Oh and I forgot to mention I have an activation button on the 4 speed shifter knob if all that stuff is in play and I decide to push the button...
 
I run a NOS mini 2 stage progressive with a window switch on each stage because it's a 4 gear. The first stage controls a Big Shot kit and the second stage turns the electric cutouts on 100 rpm before the kit activates. I have a WOT switch, clutch switch and a shifter button with a bypass switch that is usually bypassed.
 
I run a NOS mini 2 stage progressive with a window switch on each stage because it's a 4 gear. The first stage controls a Big Shot kit and the second stage turns the electric cutouts on 100 rpm before the kit activates. I have a WOT switch, clutch switch and a shifter button with a bypass switch that is usually bypassed.
Sounds simple...
 
As far as setting up the system you need a flow tool which is essentially a fuel pressure guage with a .073 jet. You set the regulator pressure at 5.5psi to start with the flow tool and drop a half pound up or down to fatten or lean out the tune. Regardless of using a 100 shot or a 175 shot etc always baseline the pressure regulator with the flow tool.

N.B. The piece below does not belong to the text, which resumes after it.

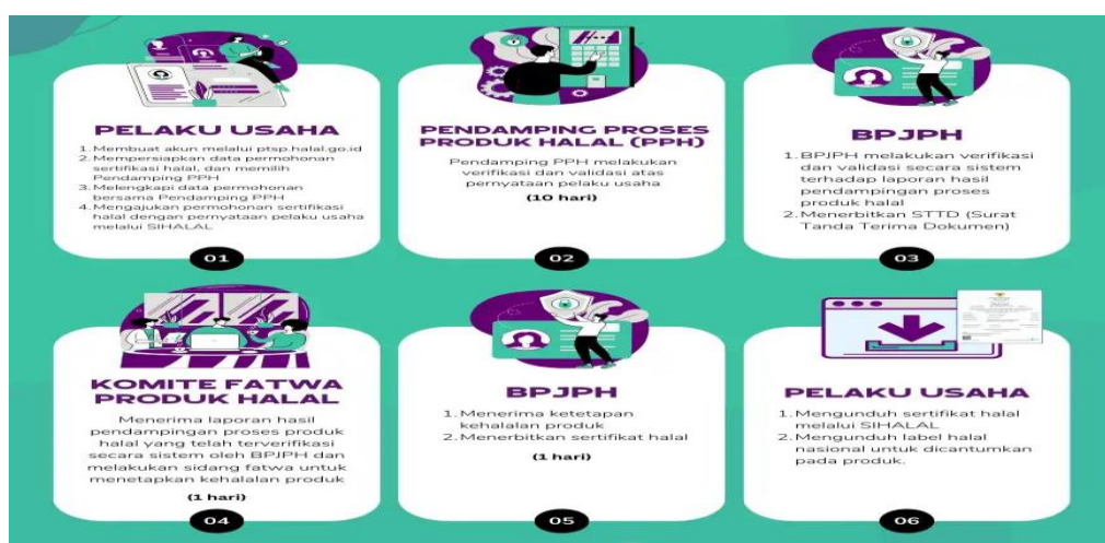
Figure 2. Sehati Service Flow ( bpjph.halal.go.id , 2023)

In its development, the implementation of the Sehati program still experiences various obstacles due to the lack of socialization, lack of awareness and responsiveness of MSE actors to the Sehati program, related stakeholders who have

I also recommend a fuel filter and a nitrous filter. My fuel filter is after the regulator so i can flow through it. My nitrous filter is before the 1/4 turn shut off handle by the shifter.

Also note that i get my tach signal for the progressive/window switch thing from the pertronix rev limiter box. The low deck Accell cable drive tach was converted to a Petronix with a matching coil so no place to get a tach signal hence the rev limiter box. Waylon in the 8 track too..
 
Last edited:
My slant six fuel system. Two inline electric pumps side by side (each one can handle the system in case of a pump failure). They are approx 50 g/h at 50 psi. Feed a return flow regulator set for 15 psi, which in turn feeds two "holley" style regulators (one set for 5 psi for the carb, and the other adjustable from 6 psi for the nitrous).
Control is fuel pump switch on, arming switch on, full throttle switch on.
I do have a purge system, but usually don't use it, as I have not seen any difference in my runs, between purge and no purge.
 
Can I use the ground wire to activate the selenoids. Less chance off shorting out if a wire gets pinched or something.
 
Can I use the ground wire to activate the selenoids. Less chance off shorting out if a wire gets pinched or something.
I wouldn't see any reason why not but you still have to have a power wire going to them. I just used fuses coming off of any power lead to them.. also I activated them with a relay.. on my set up the low power activation wire to the relay first goes through a arming switch then to my activation switch on my shifter then through the full throttle switch up near the carburetors. Also it sends a low voltage signal to the timing retard. on the ground side of the relay it's hooked through the low pressure switch on the fuel system and ends up at the window switch.... Any wire coming off of the initial power wire has a fuse...
 
Thanks. I am using relays on everything. Nitrous, fuel pump, and heater. My timing will be adjusted manually . Probably at 30 total. Also using a fuel pressure switch that kills both selenoids.
 
Last edited:
As far as setting up the system you need a flow tool which is essentially a fuel pressure guage with a .073 jet. You set the regulator pressure at 5.5psi to start with the flow tool and drop a half pound up or down to fatten or lean out the tune. Regardless of using a 100 shot or a 175 shot etc always baseline the pressure regulator with the flow tool.

I also recommend a fuel filter and a nitrous filter. My fuel filter is after the regulator so i can flow through it. My nitrous filter is before the 1/4 turn shut off handle by the shifter.

Also note that i get my tach signal for the progressive/window switch thing from the pertronix rev limiter box. The low deck Accell cable drive tach was converted to a Petronix with a matching coil so no place to get a tach signal hence the rev limiter box. Waylon in the 8 track too..

Why would a guy use a .073 flow tool, if his gas jet is smaller and recommended to run at 8 lbs of pressure ?
Why not clamp the right size jet in a hose and set it exactly what ur supposed to run?